**STORED DATA**

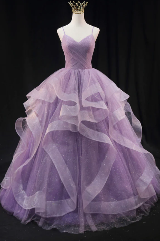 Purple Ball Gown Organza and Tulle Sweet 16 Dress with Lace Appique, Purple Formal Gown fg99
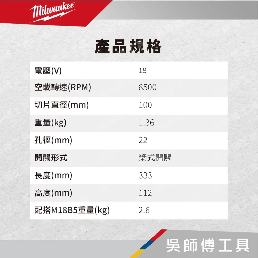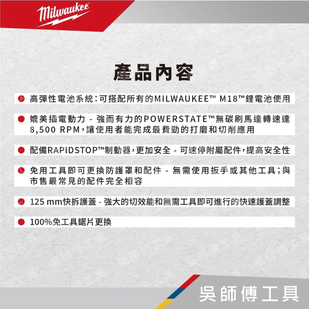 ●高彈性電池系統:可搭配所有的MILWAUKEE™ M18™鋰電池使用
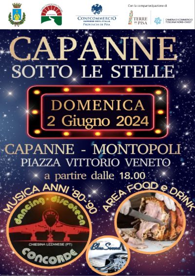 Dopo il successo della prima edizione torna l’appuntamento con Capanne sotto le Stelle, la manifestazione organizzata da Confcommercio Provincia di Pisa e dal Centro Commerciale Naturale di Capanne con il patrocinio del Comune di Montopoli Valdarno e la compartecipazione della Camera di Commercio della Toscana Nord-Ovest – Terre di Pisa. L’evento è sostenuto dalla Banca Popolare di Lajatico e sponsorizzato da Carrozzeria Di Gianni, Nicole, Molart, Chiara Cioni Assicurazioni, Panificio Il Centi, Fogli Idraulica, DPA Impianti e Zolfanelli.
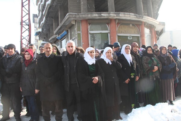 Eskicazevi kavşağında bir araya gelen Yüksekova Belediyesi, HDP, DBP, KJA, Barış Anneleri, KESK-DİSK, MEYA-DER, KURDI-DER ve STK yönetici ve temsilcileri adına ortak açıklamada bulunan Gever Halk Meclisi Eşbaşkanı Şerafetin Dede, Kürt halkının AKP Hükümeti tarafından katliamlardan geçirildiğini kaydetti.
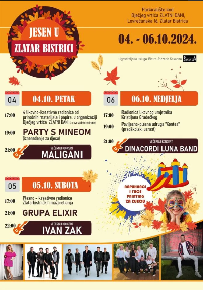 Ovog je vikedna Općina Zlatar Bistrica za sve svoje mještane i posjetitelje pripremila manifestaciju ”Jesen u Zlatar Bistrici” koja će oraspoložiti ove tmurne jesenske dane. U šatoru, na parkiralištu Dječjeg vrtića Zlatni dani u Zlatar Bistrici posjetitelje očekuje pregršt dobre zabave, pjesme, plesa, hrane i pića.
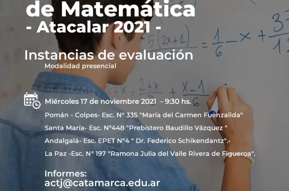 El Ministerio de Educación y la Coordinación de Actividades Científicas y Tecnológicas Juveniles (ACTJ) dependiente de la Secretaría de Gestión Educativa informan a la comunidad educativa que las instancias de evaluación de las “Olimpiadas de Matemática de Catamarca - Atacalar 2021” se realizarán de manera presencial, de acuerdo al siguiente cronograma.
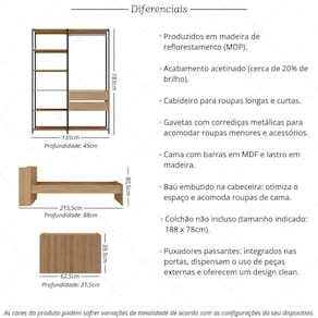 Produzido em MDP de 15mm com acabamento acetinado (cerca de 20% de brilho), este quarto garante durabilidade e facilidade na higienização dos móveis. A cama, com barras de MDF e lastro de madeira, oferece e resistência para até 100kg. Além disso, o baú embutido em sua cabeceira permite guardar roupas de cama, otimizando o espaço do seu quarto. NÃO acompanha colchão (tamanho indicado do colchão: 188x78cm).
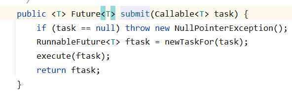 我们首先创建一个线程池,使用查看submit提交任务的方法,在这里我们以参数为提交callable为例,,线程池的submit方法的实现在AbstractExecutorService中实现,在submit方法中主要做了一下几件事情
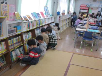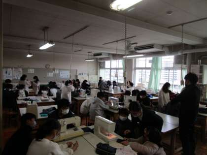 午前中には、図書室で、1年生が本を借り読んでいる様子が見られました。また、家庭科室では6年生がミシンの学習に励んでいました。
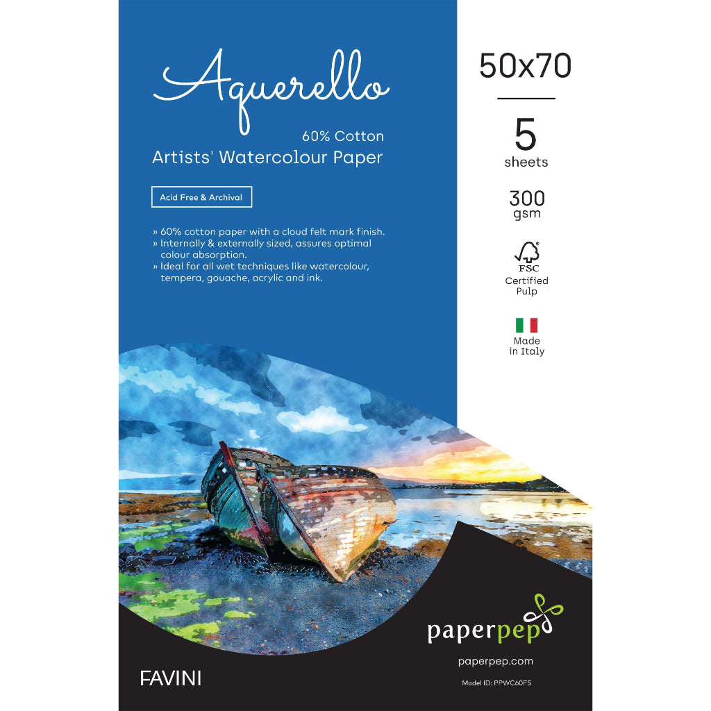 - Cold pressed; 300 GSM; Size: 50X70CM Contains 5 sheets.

**TASK TO CARRY OUT**
A faithful, picture-free copy of the material is what this task asks for.

**REPLY TO THE TASK**
 Purple Ball Gown Organza and Tulle Sweet 16 Dress with Lace Appique, Purple Formal Gown fg99
 ●高彈性電池系統:可搭配所有的MILWAUKEE™ M18™鋰電池使用
 Dopo il successo della prima edizione torna l’appuntamento con Capanne sotto le Stelle, la manifestazione organizzata da Confcommercio Provincia di Pisa e dal Centro Commerciale Naturale di Capanne con il patrocinio del Comune di Montopoli Valdarno e la compartecipazione della Camera di Commercio della Toscana Nord-Ovest – Terre di Pisa. L’evento è sostenuto dalla Banca Popolare di Lajatico e sponsorizzato da Carrozzeria Di Gianni, Nicole, Molart, Chiara Cioni Assicurazioni, Panificio Il Centi, Fogli Idraulica, DPA Impianti e Zolfanelli.
 Eskicazevi kavşağında bir araya gelen Yüksekova Belediyesi, HDP, DBP, KJA, Barış Anneleri, KESK-DİSK, MEYA-DER, KURDI-DER ve STK yönetici ve temsilcileri adına ortak açıklamada bulunan Gever Halk Meclisi Eşbaşkanı Şerafetin Dede, Kürt halkının AKP Hükümeti tarafından katliamlardan geçirildiğini kaydetti.
 Ovog je vikedna Općina Zlatar Bistrica za sve svoje mještane i posjetitelje pripremila manifestaciju ”Jesen u Zlatar Bistrici” koja će oraspoložiti ove tmurne jesenske dane. U šatoru, na parkiralištu Dječjeg vrtića Zlatni dani u Zlatar Bistrici posjetitelje očekuje pregršt dobre zabave, pjesme, plesa, hrane i pića.
 El Ministerio de Educación y la Coordinación de Actividades Científicas y Tecnológicas Juveniles (ACTJ) dependiente de la Secretaría de Gestión Educativa informan a la comunidad educativa que las instancias de evaluación de las “Olimpiadas de Matemática de Catamarca - Atacalar 2021” se realizarán de manera presencial, de acuerdo al siguiente cronograma.
 Produzido em MDP de 15mm com acabamento acetinado (cerca de 20% de brilho), este quarto garante durabilidade e facilidade na higienização dos móveis. A cama, com barras de MDF e lastro de madeira, oferece e resistência para até 100kg. Além disso, o baú embutido em sua cabeceira permite guardar roupas de cama, otimizando o espaço do seu quarto. NÃO acompanha colchão (tamanho indicado do colchão: 188x78cm).
 我们首先创建一个线程池,使用查看submit提交任务的方法,在这里我们以参数为提交callable为例,,线程池的submit方法的实现在AbstractExecutorService中实现,在submit方法中主要做了一下几件事情
 午前中には、図書室で、1年生が本を借り読んでいる様子が見られました。また、家庭科室では6年生がミシンの学習に励んでいました。
 - Cold pressed; 300 GSM; Size: 50X70CM Contains 5 sheets.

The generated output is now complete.